- [What to do]:
The complete listing goes into the output exactly, without its pictures.
*** Collected material ***
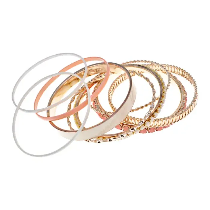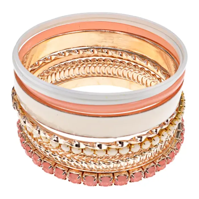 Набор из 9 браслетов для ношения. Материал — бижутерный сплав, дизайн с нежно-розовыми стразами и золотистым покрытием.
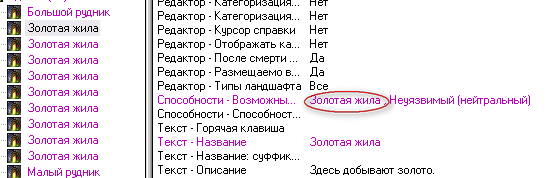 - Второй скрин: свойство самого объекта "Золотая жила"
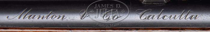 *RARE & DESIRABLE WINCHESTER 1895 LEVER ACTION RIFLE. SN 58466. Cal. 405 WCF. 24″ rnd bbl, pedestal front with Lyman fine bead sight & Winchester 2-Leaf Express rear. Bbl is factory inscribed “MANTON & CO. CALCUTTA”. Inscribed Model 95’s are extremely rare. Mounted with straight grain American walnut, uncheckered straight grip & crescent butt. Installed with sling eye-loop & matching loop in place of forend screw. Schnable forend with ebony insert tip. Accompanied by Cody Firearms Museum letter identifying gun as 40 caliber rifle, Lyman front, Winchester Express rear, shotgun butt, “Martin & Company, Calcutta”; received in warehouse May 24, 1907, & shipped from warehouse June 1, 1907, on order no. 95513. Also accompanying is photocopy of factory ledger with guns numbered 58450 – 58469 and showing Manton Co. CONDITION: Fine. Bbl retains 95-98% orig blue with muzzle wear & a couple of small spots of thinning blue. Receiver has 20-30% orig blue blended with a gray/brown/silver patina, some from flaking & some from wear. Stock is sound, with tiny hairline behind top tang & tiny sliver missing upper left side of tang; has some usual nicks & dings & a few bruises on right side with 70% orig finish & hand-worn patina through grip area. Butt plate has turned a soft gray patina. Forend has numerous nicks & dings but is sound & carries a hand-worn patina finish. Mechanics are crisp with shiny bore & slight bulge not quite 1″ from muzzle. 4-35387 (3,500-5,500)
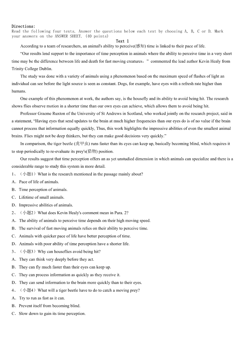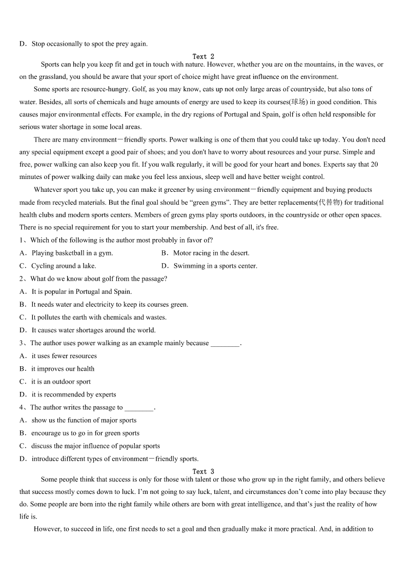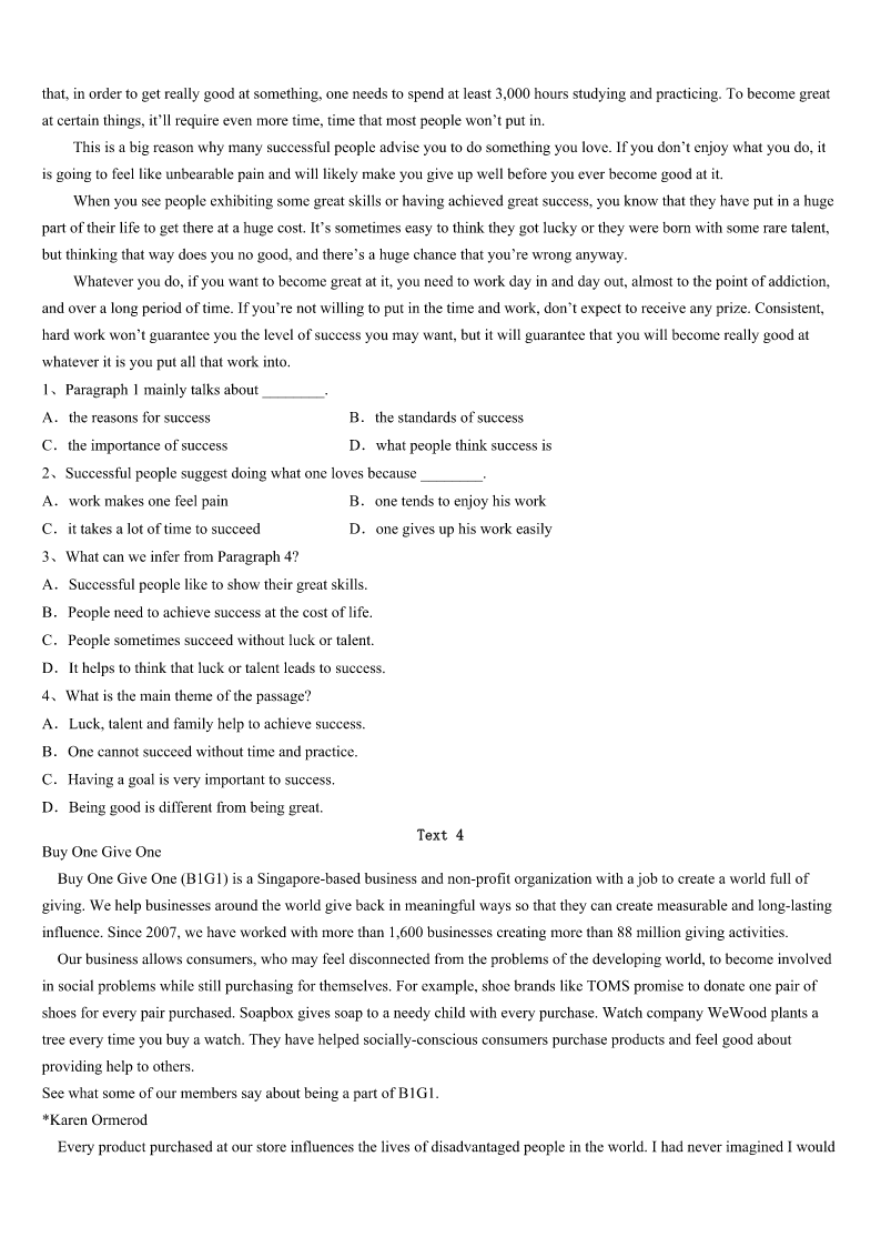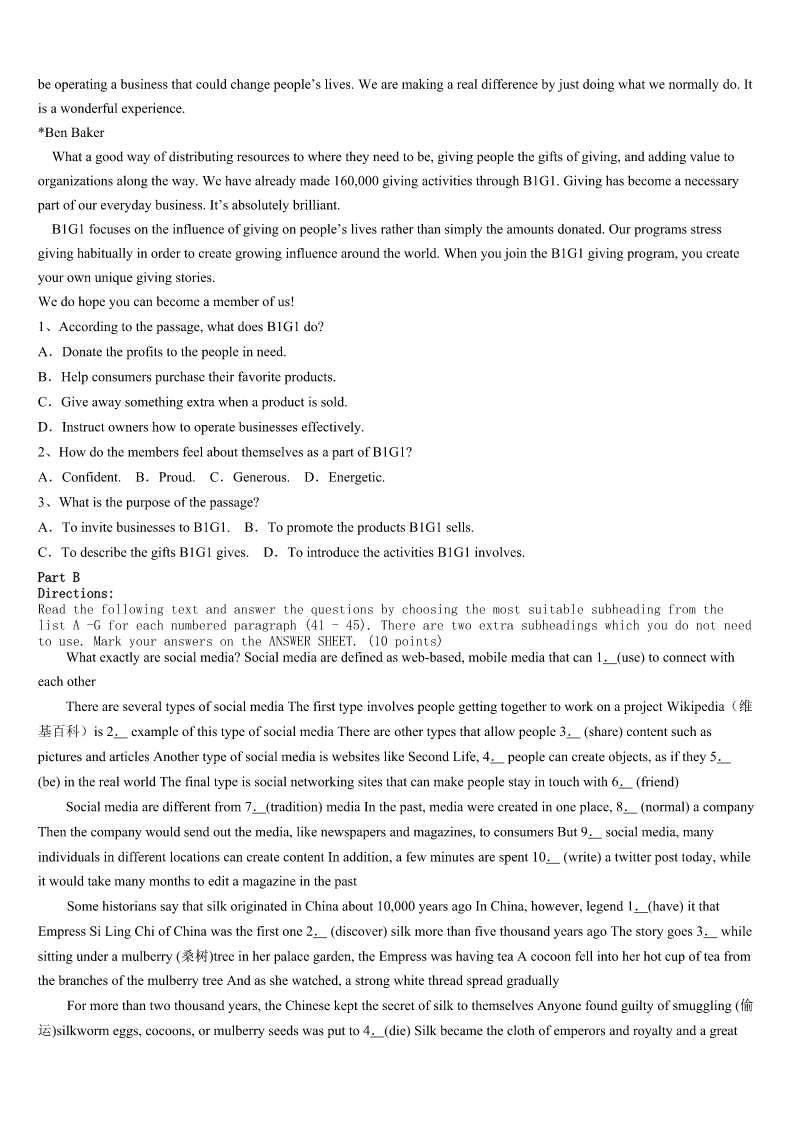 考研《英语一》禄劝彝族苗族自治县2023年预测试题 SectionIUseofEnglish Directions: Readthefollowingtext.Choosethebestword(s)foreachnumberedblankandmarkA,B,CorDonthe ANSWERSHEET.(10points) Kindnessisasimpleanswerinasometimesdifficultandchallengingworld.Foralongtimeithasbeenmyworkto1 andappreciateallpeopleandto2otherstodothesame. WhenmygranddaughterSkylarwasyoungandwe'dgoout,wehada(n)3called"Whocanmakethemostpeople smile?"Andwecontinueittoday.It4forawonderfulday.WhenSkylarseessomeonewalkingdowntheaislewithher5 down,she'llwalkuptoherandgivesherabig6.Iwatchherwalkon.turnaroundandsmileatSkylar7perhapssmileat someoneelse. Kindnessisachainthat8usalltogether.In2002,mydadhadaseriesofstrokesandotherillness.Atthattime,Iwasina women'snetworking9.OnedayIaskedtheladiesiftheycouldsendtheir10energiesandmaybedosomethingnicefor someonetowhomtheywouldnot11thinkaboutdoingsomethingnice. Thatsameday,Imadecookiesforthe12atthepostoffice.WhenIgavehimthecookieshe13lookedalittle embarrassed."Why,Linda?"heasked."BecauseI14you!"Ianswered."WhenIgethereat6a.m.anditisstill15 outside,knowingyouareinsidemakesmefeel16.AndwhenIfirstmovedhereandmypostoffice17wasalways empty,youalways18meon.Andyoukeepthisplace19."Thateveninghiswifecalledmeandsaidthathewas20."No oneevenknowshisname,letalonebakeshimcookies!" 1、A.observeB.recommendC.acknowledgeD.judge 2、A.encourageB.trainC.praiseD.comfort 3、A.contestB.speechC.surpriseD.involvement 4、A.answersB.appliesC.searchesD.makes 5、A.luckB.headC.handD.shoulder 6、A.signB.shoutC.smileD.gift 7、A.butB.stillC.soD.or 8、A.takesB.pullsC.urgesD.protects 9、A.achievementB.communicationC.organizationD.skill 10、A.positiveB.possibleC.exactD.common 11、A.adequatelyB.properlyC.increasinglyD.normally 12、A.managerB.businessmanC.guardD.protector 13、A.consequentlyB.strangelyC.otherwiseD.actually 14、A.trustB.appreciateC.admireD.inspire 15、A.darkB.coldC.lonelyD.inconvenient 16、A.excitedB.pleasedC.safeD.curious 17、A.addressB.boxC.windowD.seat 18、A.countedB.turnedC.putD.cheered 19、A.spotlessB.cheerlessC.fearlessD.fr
*** End of Collected material ***
- [Your solution]:
 Набор из 9 браслетов для ношения. Материал — бижутерный сплав, дизайн с нежно-розовыми стразами и золотистым покрытием.
 - Второй скрин: свойство самого объекта "Золотая жила"
 *RARE & DESIRABLE WINCHESTER 1895 LEVER ACTION RIFLE. SN 58466. Cal. 405 WCF. 24″ rnd bbl, pedestal front with Lyman fine bead sight & Winchester 2-Leaf Express rear. Bbl is factory inscribed “MANTON & CO. CALCUTTA”. Inscribed Model 95’s are extremely rare. Mounted with straight grain American walnut, uncheckered straight grip & crescent butt. Installed with sling eye-loop & matching loop in place of forend screw. Schnable forend with ebony insert tip. Accompanied by Cody Firearms Museum letter identifying gun as 40 caliber rifle, Lyman front, Winchester Express rear, shotgun butt, “Martin & Company, Calcutta”; received in warehouse May 24, 1907, & shipped from warehouse June 1, 1907, on order no. 95513. Also accompanying is photocopy of factory ledger with guns numbered 58450 – 58469 and showing Manton Co. CONDITION: Fine. Bbl retains 95-98% orig blue with muzzle wear & a couple of small spots of thinning blue. Receiver has 20-30% orig blue blended with a gray/brown/silver patina, some from flaking & some from wear. Stock is sound, with tiny hairline behind top tang & tiny sliver missing upper left side of tang; has some usual nicks & dings & a few bruises on right side with 70% orig finish & hand-worn patina through grip area. Butt plate has turned a soft gray patina. Forend has numerous nicks & dings but is sound & carries a hand-worn patina finish. Mechanics are crisp with shiny bore & slight bulge not quite 1″ from muzzle. 4-35387 (3,500-5,500)
 考研《英语一》禄劝彝族苗族自治县2023年预测试题 SectionIUseofEnglish Directions: Readthefollowingtext.Choosethebestword(s)foreachnumberedblankandmarkA,B,CorDonthe ANSWERSHEET.(10points) Kindnessisasimpleanswerinasometimesdifficultandchallengingworld.Foralongtimeithasbeenmyworkto1 andappreciateallpeopleandto2otherstodothesame. WhenmygranddaughterSkylarwasyoungandwe'dgoout,wehada(n)3called"Whocanmakethemostpeople smile?"Andwecontinueittoday.It4forawonderfulday.WhenSkylarseessomeonewalkingdowntheaislewithher5 down,she'llwalkuptoherandgivesherabig6.Iwatchherwalkon.turnaroundandsmileatSkylar7perhapssmileat someoneelse. Kindnessisachainthat8usalltogether.In2002,mydadhadaseriesofstrokesandotherillness.Atthattime,Iwasina women'snetworking9.OnedayIaskedtheladiesiftheycouldsendtheir10energiesandmaybedosomethingnicefor someonetowhomtheywouldnot11thinkaboutdoingsomethingnice. Thatsameday,Imadecookiesforthe12atthepostoffice.WhenIgavehimthecookieshe13lookedalittle embarrassed."Why,Linda?"heasked."BecauseI14you!"Ianswered."WhenIgethereat6a.m.anditisstill15 outside,knowingyouareinsidemakesmefeel16.AndwhenIfirstmovedhereandmypostoffice17wasalways empty,youalways18meon.Andyoukeepthisplace19."Thateveninghiswifecalledmeandsaidthathewas20."No oneevenknowshisname,letalonebakeshimcookies!" 1、A.observeB.recommendC.acknowledgeD.judge 2、A.encourageB.trainC.praiseD.comfort 3、A.contestB.speechC.surpriseD.involvement 4、A.answersB.appliesC.searchesD.makes 5、A.luckB.headC.handD.shoulder 6、A.signB.shoutC.smileD.gift 7、A.butB.stillC.soD.or 8、A.takesB.pullsC.urgesD.protects 9、A.achievementB.communicationC.organizationD.skill 10、A.positiveB.possibleC.exactD.common 11、A.adequatelyB.properlyC.increasinglyD.normally 12、A.managerB.businessmanC.guardD.protector 13、A.consequentlyB.strangelyC.otherwiseD.actually 14、A.trustB.appreciateC.admireD.inspire 15、A.darkB.coldC.lonelyD.inconvenient 16、A.excitedB.pleasedC.safeD.curious 17、A.addressB.boxC.windowD.seat 18、A.countedB.turnedC.putD.cheered 19、A.spotlessB.cheerlessC.fearlessD.fr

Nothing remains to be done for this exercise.